All the food is organic at Stone Brewing Co., after a recent switch to organic potatoes. The cost of using chemical-free food from local farmers is about three to four times the expense, versus using non-organic foods. Koch said people aren’t willing to pay more for the natural products, so his profit margin is smaller than most restaurants.
Still, he said he feels that he can’t feed people food that he wouldn’t eat himself, and said it goes back to the moral imperative. It’s the same reason why he’s spending millions to install solar panels at the restaurant, using biodiesel fuels in his trucks and planning to lobby for permission to recycle the brewery’s wastewater.
“It’s one of those business realities,” Koch said about the water expense. “We pay for the water, pay to use it and pay to get rid of it.”
Koch tries to balance his morals with his passion for beer and business. He told the students he operates without a business model -- much to the chagrin of their professors -- thinks with his heart and sometimes just shoots from the hip.
“Ignorance can play to your benefit sometimes,” he said. “There can be a lot of strength in not knowing you can’t accomplish 'X' -- or not knowing you can’t do it a certain way.”
A music aficionado, Koch moved from Ohio to Hollywood in 1984 to attend music school. In 1989, he took a beer enthusiast class, and met his now-partner Steve Wagner. The two formed a relationship over their love of specialty brews and, in 1996, started the brewery from the perspective of enthusiasts.

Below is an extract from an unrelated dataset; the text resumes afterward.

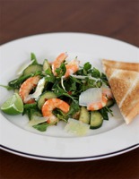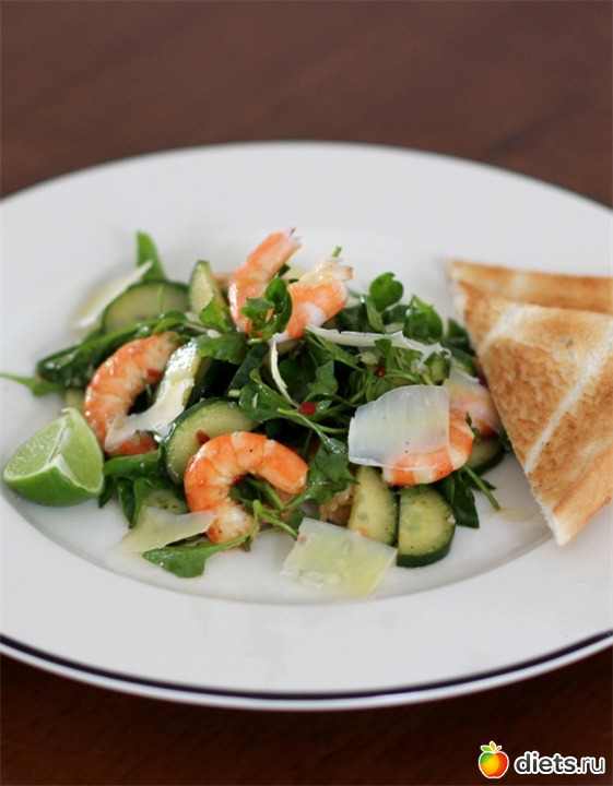 Смешать в миске огурец, креветки и салат (я использовала кресс-салат, можно взять листовой салат, корн или другой).

“We don’t advertise,” Koch said. “We’ve never done what is called price promoting, which is discounting our beer. We feel quite comfortable communicating with the world that they might not like our beer.”
Beyond beer, Koch follows standard best business practices. He only hires people who are passionate about the brewery -- even if it means keeping a position open for a long time. He said it helps him work with his 230 employees -- they all envision the business as something that will be around for a long time.
“I don’t feel responsible for them,” Koch said. “What we do is so much a mutual thing. Nobody in the company works for me. They work, maybe, for Stone, but really Stone works for them.”